How can I fix a corrupt template?
The best strategy is to keep a backup, macro-free version of all your templates. Then if a template become corrupt, you can copy any macros over to a copy of the backup template using the Organizer and you're back in business.
If you haven't done that, though, and if your template contains any macros, you could try running the VBA Code Cleaner.
If that doesn't fix it, recreate the template from scratch. If you want to copy the content from the corrupt template to the new one, follow the same steps as for fixing a corrupt document. It may be worth creating the new template based on a “virgin” copy of Normal.dot, just in case Normal.dot is also corrupt. With Word closed, rename your existing Normal.dot file and restart Word; a new copy of Normal.dot will automatically be created.

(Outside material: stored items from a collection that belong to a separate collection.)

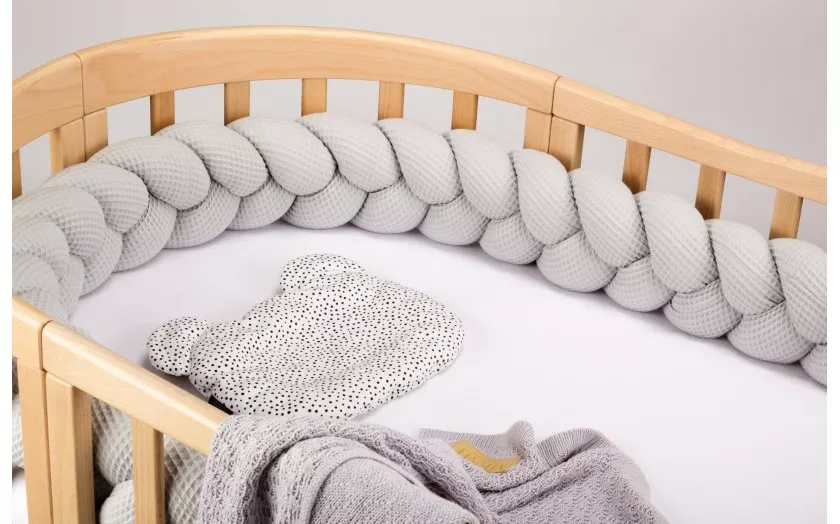 Ochraniacz na szczebelki do łóżeczka z pokrowcem. Warkocz z 3 pasm to ciekawa alternatywa dla klasycznych ochraniaczy do łóżeczka. Świetnie sprawdza się w okresie, gdy Twoje dziecko zaczyna samodzielnie się obracać, czy też podejmuje pierwsze próby siadania.
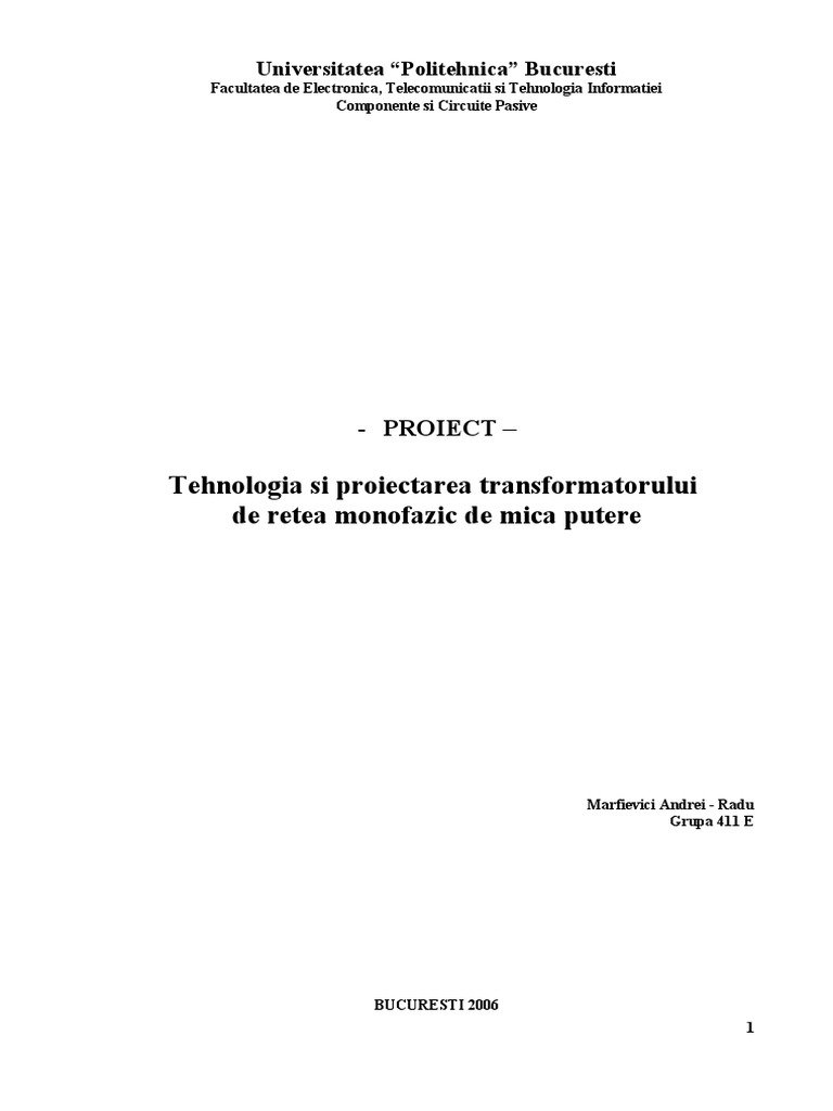 (5 Re"umat $cest proiect are ca scop reali"area unui transformator de mica putere5 $ceast1 component1 este pre"ent1 0n aproape toate tipurile de scheme de alimentare ale aparatelor electronice sta.ionare5 El este destinat s1 reali"e"e [Link] ca modific1ri ale valorilor tensiunilor 2i [Link], de la nivelul la care sunt preluate de c1tre circuitul primar, de la [Link], la valorile cerute 0n circuitul sau circuitele secundarului5 -e%asemenea, aceast1 component1 i"olea"1 galvanic fa.1 de [Link] 2asiul aparatului electronic, 0n care este montat, asigur?nd astfel electrosecuritatea persoanelor care 0l manipulea"15 Un transformator de [Link] are urm1toarele p1r.i componente= carcas1 electroi"olant1> 0nf12ur1ri= primar1 2i secundar1 8sau secundare9> mie" magnetic> sistem de str?ngere a mie"ului 2i de fiDare a transformatorului5
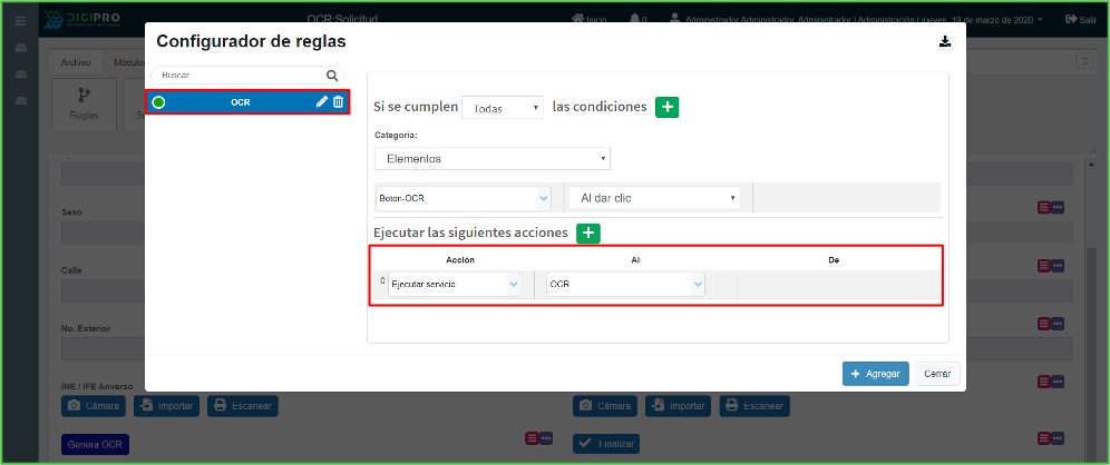 Después se estarían seleccionando los campos que se van a prellenar con el servicio OCR y después clic en botón “Cerrar”.

One more thing; under Tools + Options + Save, turn on the checkbox which says “Prompt to save Normal template”, if it isn't switched on already (unfortunately, it is switched off by default). The only time you should ever save Normal.dot is when you have knowingly made a change to it that you want to save. Then you should save it by holding the Shift key down and selecting File + Save All. And be sure never to save Normal.dot when resources are low (see: Why do documents corrupt?).
Allowing Word to save Normal.dot whether you've consciously made changes to it or not, is OK in versions of Word later than Word 97/98.